Item-total Correlation Analysis
First, iterative removal of those items with the lowest item-total correlation was undertaken, identical to the procedure previously used to derive the ICBM10. With the current data, α was maximised with a 17 item scale (ICBM17). Items 8, 11, 18, 21 and 22 were omitted. These items assessed misconceptions of chance (8), framing or anchoring bias (11 and 22), insensitivity to superior reliability of objective over subjective data (18), and insensitivity to the principle of regression (21). The resultant 17 item scale achieved an α of 0.61 (0.56 students, 0.57 trainees, 0.61 consultants), with item-total correlations ranging from 0.11 to 0.37.
Removal of a further item resulted in the total sample α being maintained at 0.61 but a reduction in consistency for two of the three subsamples (0.58 students, 0.55 trainees, 0.59 consultants). This result suggested that further gains in internal consistency could only be attained through differential item removal for each subsample. That is, different scales for different target groups. Summary statistics for the ICBM17 are included in Table 3. As with the ICBM22, correct responses increased with experience.
Second, factor analysis was used as a pragmatic guide to potential subscale membership among the ICBM items . Decisions regarding the nature of the factor analysis were based on this strategy. Maximum likelihood extraction was used to allow generalisation from a sample to a population  and for correlations with more unique variance and less error variance to be given more weight . Most importantly, adjustment is made for the constraints imposed on the data based on the increased potential for non-random measurement error associated with dichotomous variables.
This procedure resulted in an initial solution comprising 10 factors, each with an eigenvalue greater than one, although only 60% of the variance among items was accounted for by these factors. This result reflects the tendency for dichotomous variables to cluster together due to similar response distributions rather than actual item content , producing additional factors that are essentially statistical artefacts. Therefore, a conservative decision rule for retaining factors for rotation was employed. Parallel analysis criteria  takes account of both sample size and the number of items being analysed and is more reliable than the misunderstood 'eigenvalues greater than one' rule , particularly when there are many coefficients of modest size within the available correlation matrix (communality range 0.025 to 0.197). Further, an oblique rotation of the retained factors was undertaken using the oblimin criterion (delta = 0), to acknowledge the expected intercorrelations among any dimensions of the ICBM.
Using this strategy only two factors were retained for rotation, accounting for a mere 19% of variance. Scales were nevertheless computed from these factors. Scale 1 (ICBMs1) comprised items predominantly concerned with insensitivity to sample size and representativeness (items 1, 4, 5, 6, 9, 10, 12, 14, 15, 16, 17, 20). Scale 2 (ICBMs2) tended to tap availability and representativeness (items 2, 3, 4, 6, 7, 10, 12, 13, 14, 15, 19). The substantial overlap in the content of these two scales should be noted (r = .68, p < .001). Interestingly, the five items that did not load on either or both of these scales were identical to those excluded by the item-total correlation analysis. Summary statistics for these scales are included in Table 3. For both scales, correct responses increased with experience. Internal consistency was 0.58 (0.52 students, 0.56 trainees, 0.61 consultants) for ICBMs1 and 0.58 (0.60 students, 0.47 trainees, 0.51 consultants) for ICBMs2.

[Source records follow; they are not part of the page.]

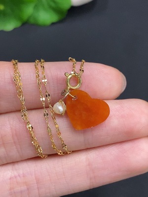 F35125207 Jadeite Peach Heart Pendant Non-Gold Inlaid Total Weight About 2g (Including Chain)
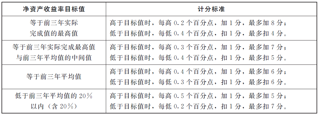 净资产收益率指标的基本分为30分。企业完成目标值时,得基本分30分。超过(低于)目标值时,按以下标准计分:
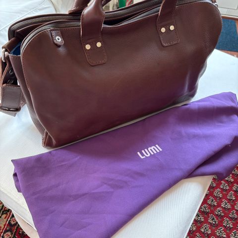 Upea, erittäin hyvä kuntoinen, vain pari kertaa käytetty matkakassi, aitoa nahkaa. Sisävuori ja olkahihna puuvillaa. Molemmissa päissä läpälliset taskut ja sivussa solkien koristama pitkä tasku; kaikki magneettikiinnityksellä. Sisäpuolella yksi vetoketjutasku ja kaksi avotaskua. Säädettävä, tukeva ja irroitettava olkahihna, jossa nahkainen tuki olkaa vasten.
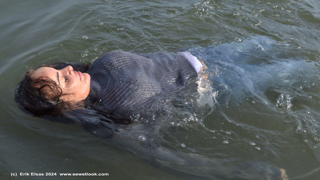 Elizabeth in a lake on a cloudy and cold day, wearing jeans, a blouse and small boots.
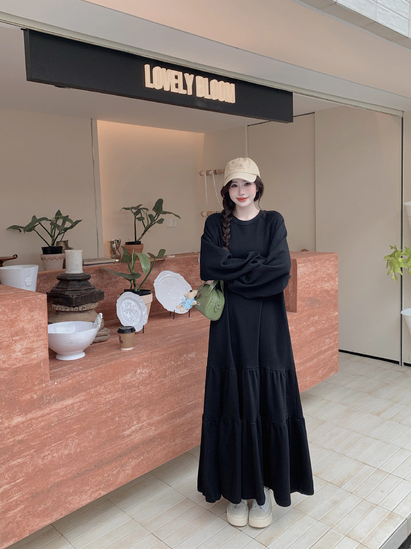【商品名】【ワンピース】大きいサイズ ゆったり 着痩せ 体型カバー 長袖ワンピース
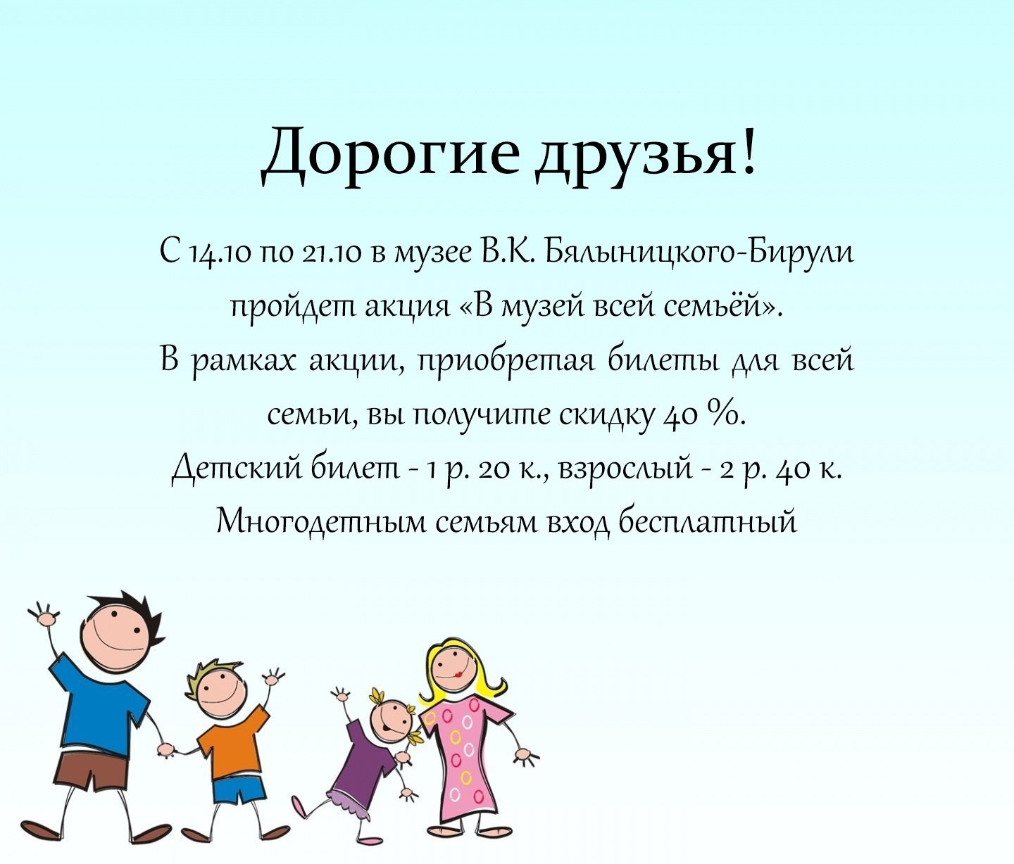 С 14 по 21 октября в музее В.К. Бялыницкого-Бирули пройдет акция «В музей всей семьей». Об этом сообщили в учреждении культуры.

Correlations between ICBM scores and the Rational Experiential Inventory.
Rational Experiential Inventory
Need for Cognition
Faith in Intuition
To gain acceptance as a useful measurement instrument there are a number of characteristics that any test should demonstrate. Three such characteristics have been reported in the current study. First, the test should possess content validity. That is, it should contain items that appropriately sample the construct to be measured. Second, there should be internal consistency among the chosen items. That is, it is an expectation that items purporting to measure the same construct should demonstrate reasonable item-total correlations before they are used to create a summative scale. This is commonly examined using α. Third, the instrument should demonstrate a reasonable level of construct validity. That is, different measurement tools measuring constructs from similar domains should exhibit relationships that are in accord with underlying theory.
The data presented suggest that the ICBM potentially fails all of these examinations. Considering the latter first, only modest evidence was available of theoretically-supported links between the ICBM and scores from the REI. Such evidence was best illustrated by presenting separate coefficients of association for each of the subsamples. These relationships could generously be described as encouraging for the student group, tenuous among trainees, and non-existent for consultants. Admittedly, construct validity for the ICBM could only be examined using the REI. It is possible that other instruments from the thinking dispositions domain may offer more encouraging results. Nevertheless, we have found in a series of studies [27, 28], some as yet unpublished, that the REI is reliable, valid and predictive, and as such is an entirely sensible standard with which to compare the ICBM. More probable is that the poor associations between the ICBM and REI are artefacts, stemming from the similarly poor internal reliability coefficients that we have presented. No coefficient achieved the level of internal consistency normally considered acceptable for mature scales (.70), although most reached the level deemed respectable for scales under development (.50–.60) .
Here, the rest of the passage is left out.